O Congresso estuda um projeto de lei que permitiria a prisão por tempo ilimitado de pessoas sem julgamento, uma questão que surgiu antes do 11 de setembro e tão inimaginável quanto um presidente americano aceitar a simulação de afogamento ou outras formas de "interrogatórios duros". "Os Estados Unidos não estavam neste ponto até os atentados. O país era um líder imperfeito, mas um líder para promover os Direitos Humanos", acrescentou Prasow. "Os terroristas procuram mudar um país ou um povo, e é isso o que acontece".

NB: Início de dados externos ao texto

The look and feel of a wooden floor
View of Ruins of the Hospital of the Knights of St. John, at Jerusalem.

A resposta dada não é proporcional à ameaça, acrescenta Bem Wizner da ACLU. Poucas tentativas de atentados foram bem sucedidas após 11 de setembro: o mais fatal, o de Fort Hood no Texas em 2009, matou 14 pessoas e feriu 24, um número muito inferior aos 30.000 que morrem nas estradas todos os anos. "Diz respeito a uma ameaça real, mas que não coloca em perigo a nossa existência", afirma Wizner, "mesmo assim, nós tratamos como se fosse a Primeira Guerra Mundial".
A guerra contra o terrorismo resultou em um reforço sem precedentes no monitoramento de e-mails, telefonemas, transações financeiras de cidadãos americanos e estrangeiros para armazená-los em bases de dados enormes. É ao mesmo tempo necessário e inevitável, afirma Ron Marks, ex-membro da CIA, hoje especialista do Instituto de Segurança Interna da Universidade George Washington. "Não existe uma volta possível ao período anterior ao 11 de setembro. O gênio saiu da garrafa", afirma e adverte: "Nós seremos ainda mais indiscretos".

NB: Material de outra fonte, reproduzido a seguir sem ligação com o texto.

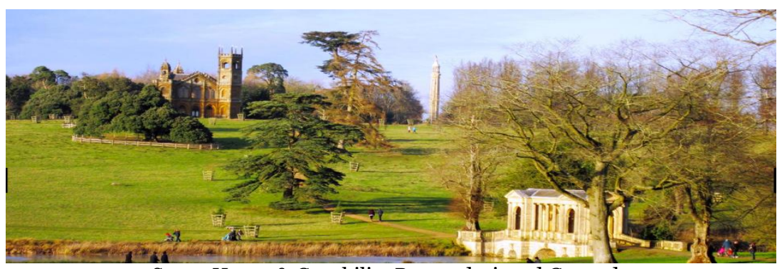
Stowe House & Capability Brown designed Grounds

"Os atentados traumatizaram os americanos, o problema é que o governo (...) utiliza contra os americanos, ferramentas desenvolvidas durante anos contra os inimigos do país", visando principalmente os mulçumanos e imigrantes, segundo ele.

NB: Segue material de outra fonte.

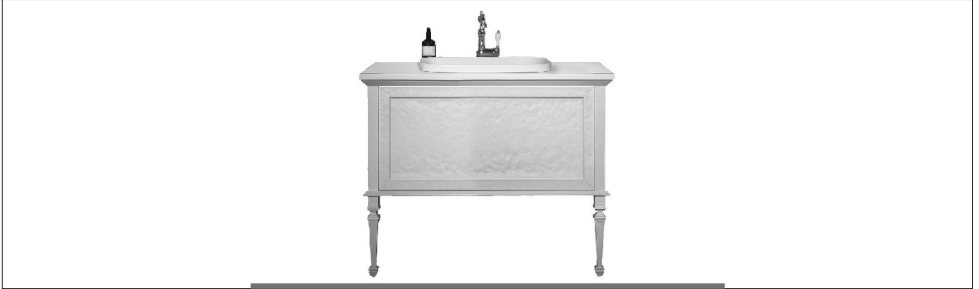
New Style - Boutique 90

Ron Marks se disse "preocupado com a opinião pública", ressaltando a "perda de flexibilidade" em relação a opiniões divergentes e uma desconfiança profunda com os mulçumanos.
Muitos republicanos exploram esta desconfiança como uma "estratégia de campanha", acredita Dawud Walid, diretor do Conselho de relações americano-islâmico (CAIR) do Michigan. "O discurso político se tornou abertamente islamofóbico e é aceito por uma grande parte da população", disse, "dá medo".